Currently it's possible to craft simple tasks that most humans are able to solve, but LLMs can't. This market predicts whether this will still hold true by the end of 2024.

Even if a clear explanation of the problem and of an algorithm to solve it is provided, today's LLMs haven't been shown to be able to answer correctly in a reliable way. While arguably most humans would succeed, if adequately instructed.

In other words, this market means to compare the reasoning abilities of an average human with the top LLMs, at the end of 2024, in the fairest way I could think of.

Tasks

This market is about tasks meant to test reasoning abilities, that can be solved using only pen and paper, which can be understood and learned in less than 15 minutes, that you'd expect motivated kids to be able to solve.

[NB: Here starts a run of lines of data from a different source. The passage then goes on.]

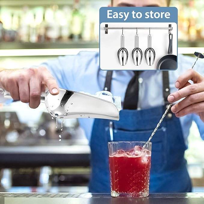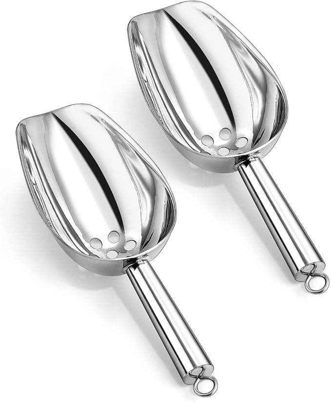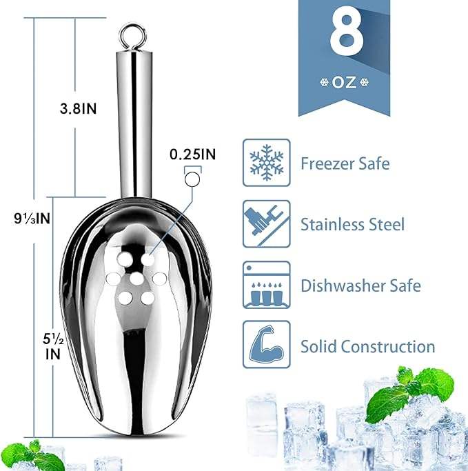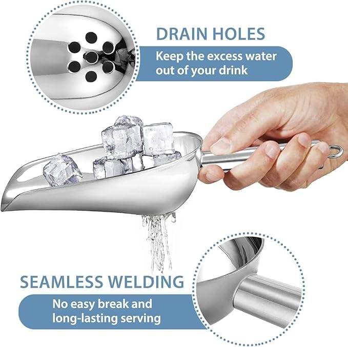 ที่ตักน้ำแข็งโลหะ ที่ตักสแตนเลสแบบหนาสำหรับน้ำแข็ง น้ำตาล แป้ง และใช้ในครัว ทนทาน ดีไซน์ป้องกันสนิม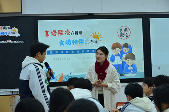 在18日上午的班會(huì)課展示環(huán)節(jié),衢州第二中專的吳思老師以“言語(yǔ)欺凌風(fēng)寒,文明相伴三冬暖”為主題,引導(dǎo)學(xué)生認(rèn)識(shí)到文明用語(yǔ)的重要性。衢州工商學(xué)校的李爾老師展示了題為“低碳生活,從一度電開始”的班會(huì)課,引導(dǎo)學(xué)生實(shí)踐節(jié)能減排。
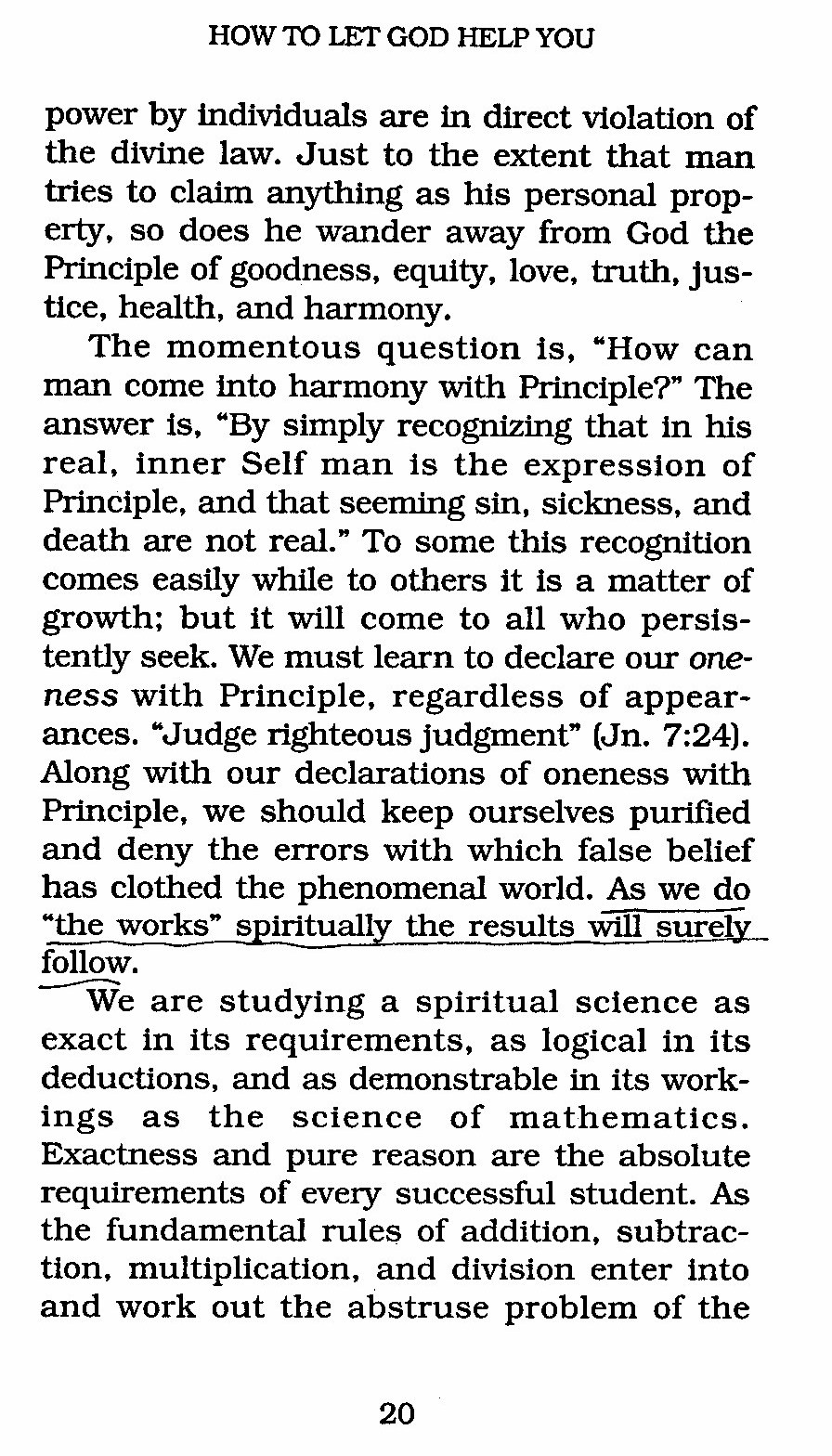The momentous question is, "How can man come into harmony with Principle?" The answer is, "By simply recognizing that in his real, inner Self man is the expression of Principle, and that seeming sin, sickness, and death are not real." To some this recognition comes easily while to others it is a matter of growth; but it will come to all who persistently seek. We must learn to declare our oneness with Principle, regardless of appearances. "Judge righteous judgment" (Jn. 7:24). Along with our declarations of oneness with Principle, we should keep ourselves purified and deny the errors with which false belief has clothed the phenomenal world. As we do "the works" spiritually the results will surely follow.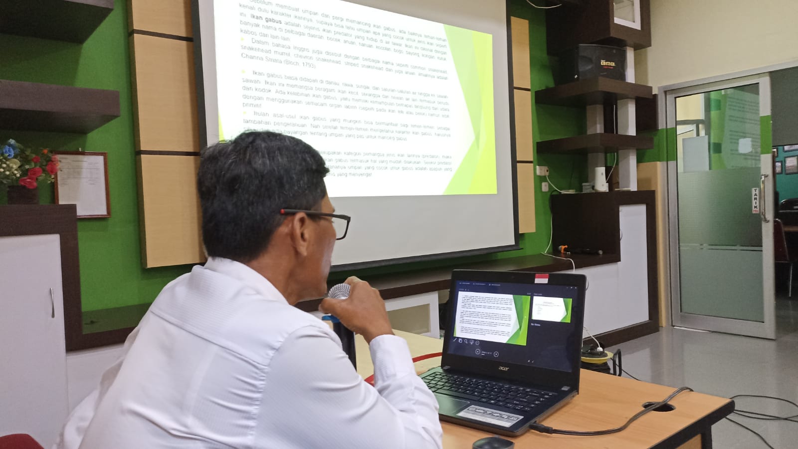 dengan judul “Tips Memancing Ikan Gabus”. Pemateri yang mengaku memiliki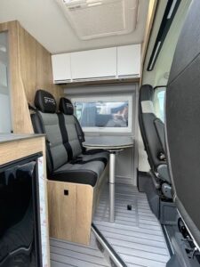 - ABS, ESP, ASR, Überschlagschutz, adaptive Lastkontrolle, Berganfahr- und Abfahrhilfe, Reifendruckkontrollsystem (TPMS), 2,2 l Multijet Diesel mit 140 PS, 6-Gang-Schaltgetriebe, 90 l Kraftstofftank, 15 l AdBlue-Tank, Fahrer- und Beifahrerairbag, Tempomat mit Geschwindigkeitsbegrenzer, manuelle Klimaanlage, elektrische Fensterheber, elektrisch verstell- und beheizbare Außenspiegel, Zentralverriegelung mit Funkfernbedienung, LED-Tagfahrlicht, LED-Außenbeleuchtung, Lederlenkrad und Lederschaltknauf, Multifunktionslenkrad mit Chromringen, 16? Alufelgen, drehbare Captain-Chair-Sitze mit integrierter Drehkonsole, Sitzbezüge in Stoff grau, Rollo-Verdunkelung im Fahrerhaus, Radiovorbereitung mit DAB-Antenne, Vorbereitung für Rückfahrkamera, LED-Eingangsbeleuchtung, Insektenschutztür, Softtouch-Wandverkleidung im Schlafbereich, Seitz-Rahmenfenster mit Verdunkelungsrollo und Insektenschutz, Dachhauben mit Verdunkelung und Fliegenschutz, Querbett im Heck 194 × 140 cm, Küchenblock mit HPL-Arbeitsplatte und Edelstahlspüle, 2-flammiger Gasherd mit Glasabdeckung, Kompressorkühlschrank, Kleiderschrank und Oberschränke, Bad mit Lamellen-Schiebetür, Cassettentoilette mit herausnehmbarem Fäkalientank, Waschbecken, Spiegel, LED-Innenbeleuchtung, Gasflaschenkasten für 2×11 kg Flaschen, Truma Combi 4 Heizung, Truma iNet-X-Bedienpanel, 100 Ah Lithium-Batterie, Batterie-Trennschalter, 25 A Ladebooster, 16 A Ladegerät, 12 V- und USB-Steckdosen im Fahrerhaus und Wohnbereich, 230 V-Steckdosen in Küche und Sitzgruppe, 100 l Frischwassertank, 90 l Abwassertank, Möbelbau aus 15 mm Sperrholz mit HPL-Oberfläche, Ablagen und Schranklösungen.

The exact set of tasks that count for this market is of course an open set and ambiguous in nature. In general, if you suspect that a majority of literate people aged between 12 and 70 is likely to be able to solve the task after training for one hour with an expert, then the task most likely counts toward this market. If you have specific tasks in mind, let's discuss them in a comment.

Examples of tasks are:

Tasks are not allowed if they:

  • Require extensive training beyond what's taught at primary school (e.g. "write a function in Python that ...").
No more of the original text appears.